In honor of National Domestic Violence Month,
One in Four
Trigger Warnings: Domestic Violence
Statistics state that one in four women will be subjected to Domestic Violence in her lifetime. I often vacillate-am I the 25%? Or am I over-exaggerating my experiences?
I never labeled my experience as Domestic Violence. Not at the time. Was it toxic? Absolutely. Do I have culpability in the death of our relationship? Yes. Was it acceptable that I felt scared of my boyfriend? No.
Domestic violence is behavior that harms the other person in the relationship. It can be verbal, emotional, sexual, or financial. It includes the use of threats, gestures, glares to maintain a constant atmosphere of fear. Behaviors that engender fear include
- Shouting (Check)
- Hitting Walls (Do doors count?)
- Displaying Weapons, stalking, (no, no)
- Prolonged silence-(I’m not sure on this one. He would get scarily silent, but most stories talk about enduring the silent treatment for days, and I never received that. Then again, most studies in domestic violence aren’t focused on university students, and assume that you live with your intimate partner. With him, the silence came between bouts of rage, so it was terrifying, but maybe it only felt prolonged.
- Destruction of objects, injuries to children or pets. –(The wine bottle survived its trajectory across the room.)
Regardless of whether it met the definition of abuse, would I ever have reported his behavior? No.
I’d like to think that he had, had he hit me, I would have left. But I don’t know, and that’s what haunts me. I think of myself as strong, but I allowed myself to be treated with such disrespect. In hindsight, I almost wish that he had hit me. It would have made forgetting and breaking up easier. It’s hard to justify a breakup when you truly loved the person and the behavior felt vaguely justifiable.
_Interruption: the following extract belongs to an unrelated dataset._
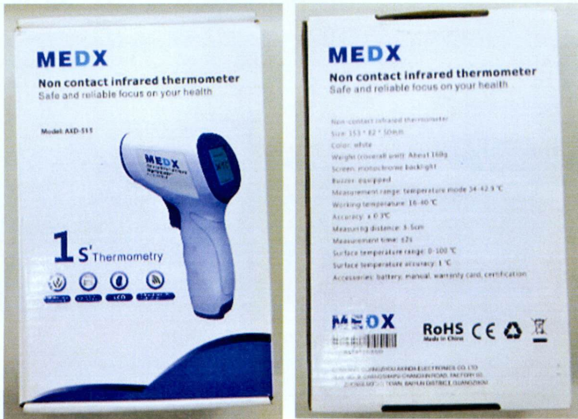
Figure 1. Unregistered Medx non-contact Infrared Thermometer AXD-515

The Food and Drug Administration (FDA) warns all healthcare professionals and the general public NOT TO PURCHASE AND USE the unregistered medical device products:

Even if he had hit me, however, I would have never reported him-it was too trivial to matter to file a police report.
And I am not alone. 43% of women surveyed about their experience with domestic violence never reported it because it was “too trivial.” Thirty eight percent said that it was a family issue that ought to be resolved internally. 7% sought to avoid humiliation, and 13% did not report for fear of triggering more violence.
And it’s hard to admit that that is you, that shriveling, shaking sad girl who accepts the endless barrage of insults thrown at her without offering a single word in her own defense. The activist rendered mute. That’s you and nobody wants to see that in a mirror.
To this day, I’m not sure that my experience counts as domestic violence, but I have no doubts that it has affected my life. Anyone with advice or similar experiences, feel free to share in the comments.
- 19 Standout Groups Stopping Domestic Violence (greatist.com)
- Think Purple – October is Domestic Violence Awareness Month (feministlawprof.wordpress.com)
- B96 Cares! Help Support RAINN! (b96.cbslocal.com)
- When Love Hurts: Is Domestic Violence Defined By Culture? (rhachellenicol.com)
- The “FACE MY ABUSE” Domestic Violence walk (harlemworldmag.com)
- GUEST OPINION: Giving domestic violence victims a place to turn (tauntongazette.com)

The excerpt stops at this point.